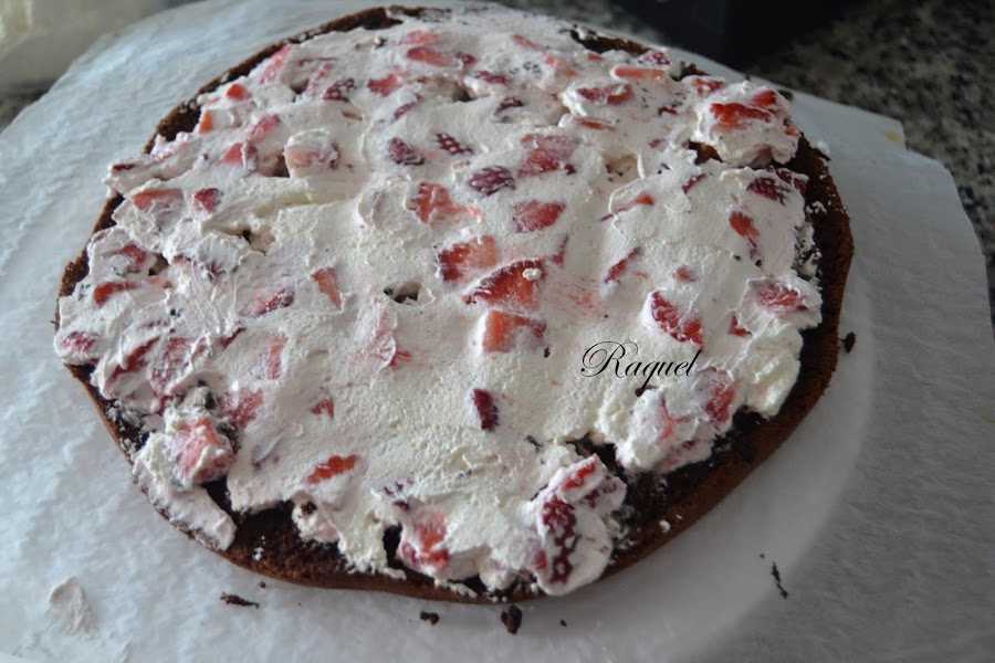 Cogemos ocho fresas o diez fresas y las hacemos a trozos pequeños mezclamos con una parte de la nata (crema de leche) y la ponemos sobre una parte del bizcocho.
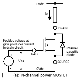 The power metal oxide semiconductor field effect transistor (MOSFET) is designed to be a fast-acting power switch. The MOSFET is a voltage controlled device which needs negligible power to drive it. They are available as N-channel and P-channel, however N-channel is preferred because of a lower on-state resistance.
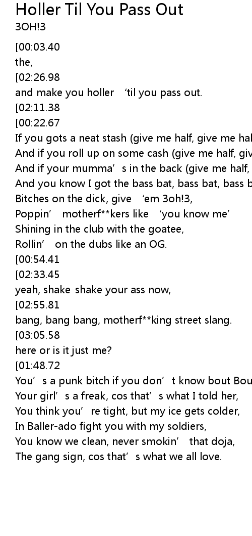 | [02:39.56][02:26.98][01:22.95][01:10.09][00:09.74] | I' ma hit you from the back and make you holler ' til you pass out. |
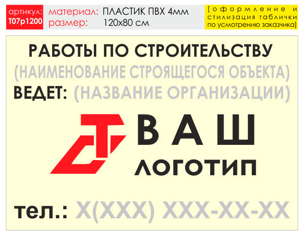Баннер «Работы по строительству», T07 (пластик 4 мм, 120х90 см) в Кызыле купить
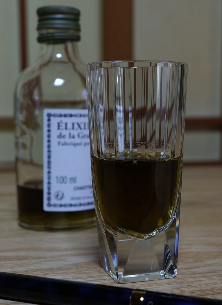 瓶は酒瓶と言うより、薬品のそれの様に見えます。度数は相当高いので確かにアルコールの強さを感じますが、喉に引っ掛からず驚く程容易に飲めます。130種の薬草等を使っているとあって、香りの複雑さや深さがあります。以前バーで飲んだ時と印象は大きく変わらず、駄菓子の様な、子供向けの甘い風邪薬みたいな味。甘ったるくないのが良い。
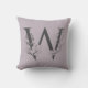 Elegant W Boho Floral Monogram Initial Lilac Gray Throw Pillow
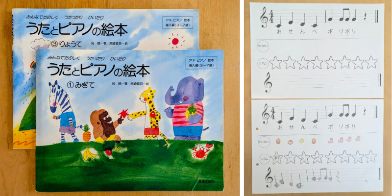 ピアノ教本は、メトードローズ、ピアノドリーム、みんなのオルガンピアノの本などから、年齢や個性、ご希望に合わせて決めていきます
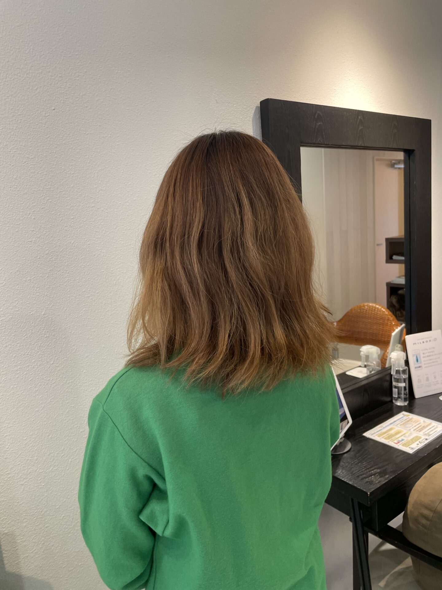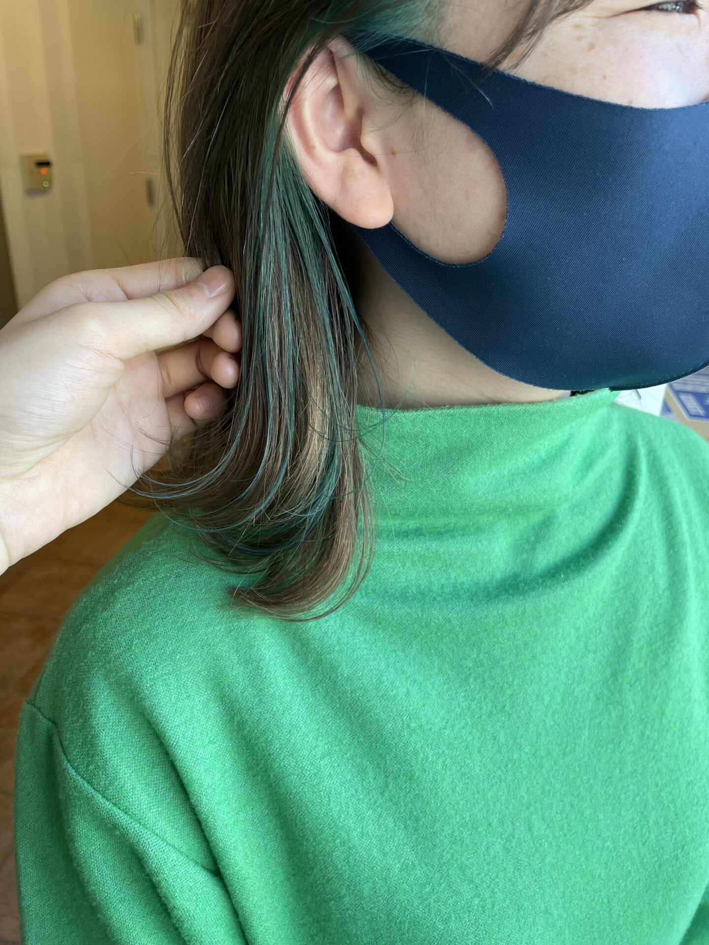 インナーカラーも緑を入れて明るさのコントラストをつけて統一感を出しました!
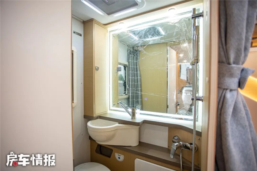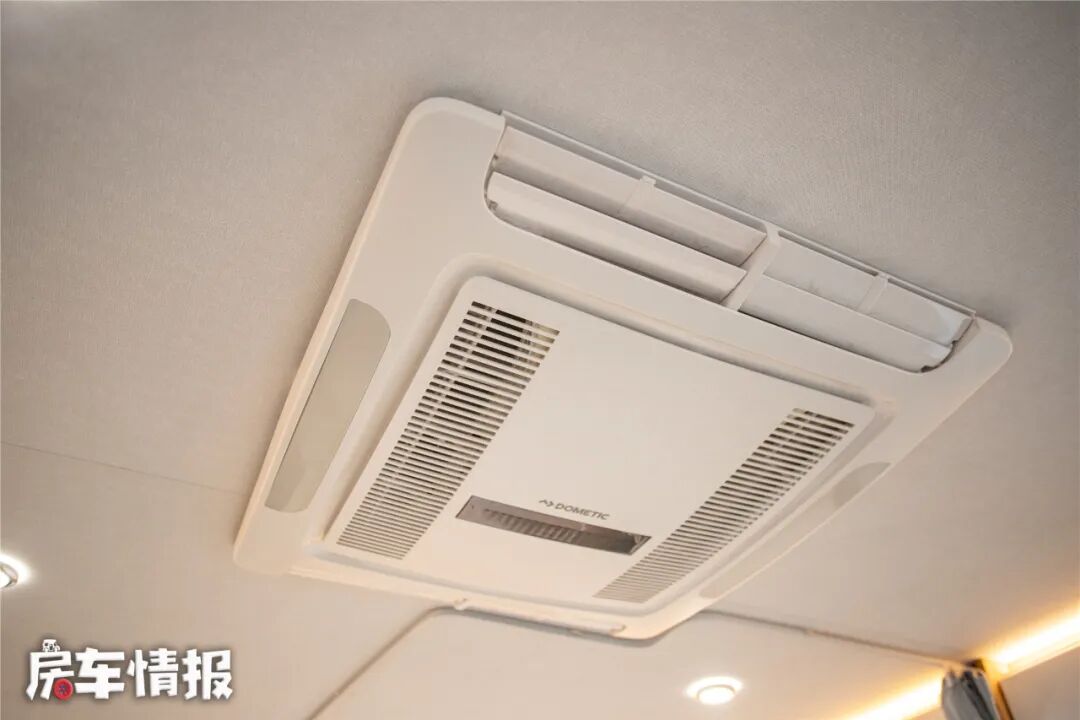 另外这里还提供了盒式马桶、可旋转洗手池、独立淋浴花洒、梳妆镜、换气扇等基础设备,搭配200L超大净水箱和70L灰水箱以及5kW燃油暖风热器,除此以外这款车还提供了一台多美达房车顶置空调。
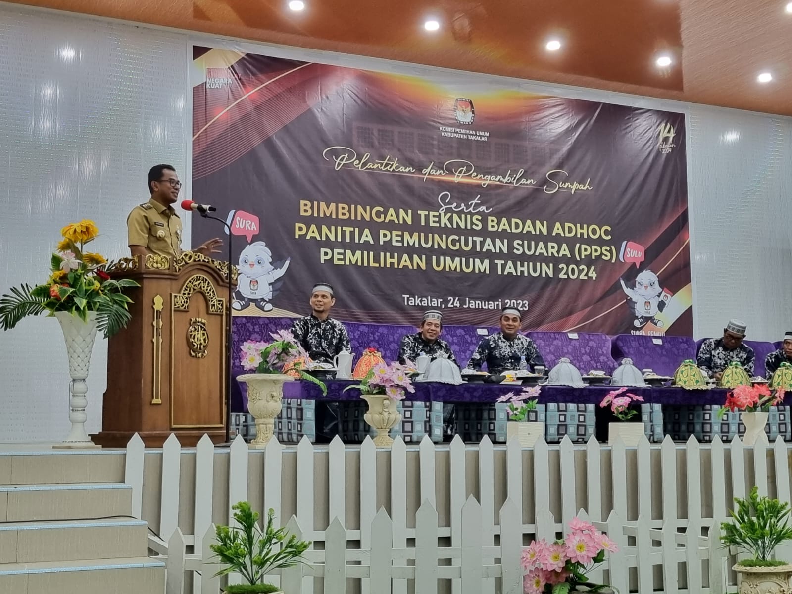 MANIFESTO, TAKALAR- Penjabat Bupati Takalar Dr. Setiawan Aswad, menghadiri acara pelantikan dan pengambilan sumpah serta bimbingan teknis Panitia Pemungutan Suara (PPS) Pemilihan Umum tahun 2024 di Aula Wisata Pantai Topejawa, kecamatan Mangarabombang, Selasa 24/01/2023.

........

- THE PROBLEM -
Could you output the full set of entries exactly, skipping every picture?

- SOLVED EXERCISE -
 Cogemos ocho fresas o diez fresas y las hacemos a trozos pequeños mezclamos con una parte de la nata (crema de leche) y la ponemos sobre una parte del bizcocho.
 The power metal oxide semiconductor field effect transistor (MOSFET) is designed to be a fast-acting power switch. The MOSFET is a voltage controlled device which needs negligible power to drive it. They are available as N-channel and P-channel, however N-channel is preferred because of a lower on-state resistance.
 | [02:39.56][02:26.98][01:22.95][01:10.09][00:09.74] | I' ma hit you from the back and make you holler ' til you pass out. |
Баннер «Работы по строительству», T07 (пластик 4 мм, 120х90 см) в Кызыле купить
 瓶は酒瓶と言うより、薬品のそれの様に見えます。度数は相当高いので確かにアルコールの強さを感じますが、喉に引っ掛からず驚く程容易に飲めます。130種の薬草等を使っているとあって、香りの複雑さや深さがあります。以前バーで飲んだ時と印象は大きく変わらず、駄菓子の様な、子供向けの甘い風邪薬みたいな味。甘ったるくないのが良い。
 Elegant W Boho Floral Monogram Initial Lilac Gray Throw Pillow
 ピアノ教本は、メトードローズ、ピアノドリーム、みんなのオルガンピアノの本などから、年齢や個性、ご希望に合わせて決めていきます
 インナーカラーも緑を入れて明るさのコントラストをつけて統一感を出しました!
 另外这里还提供了盒式马桶、可旋转洗手池、独立淋浴花洒、梳妆镜、换气扇等基础设备,搭配200L超大净水箱和70L灰水箱以及5kW燃油暖风热器,除此以外这款车还提供了一台多美达房车顶置空调。
 MANIFESTO, TAKALAR- Penjabat Bupati Takalar Dr. Setiawan Aswad, menghadiri acara pelantikan dan pengambilan sumpah serta bimbingan teknis Panitia Pemungutan Suara (PPS) Pemilihan Umum tahun 2024 di Aula Wisata Pantai Topejawa, kecamatan Mangarabombang, Selasa 24/01/2023.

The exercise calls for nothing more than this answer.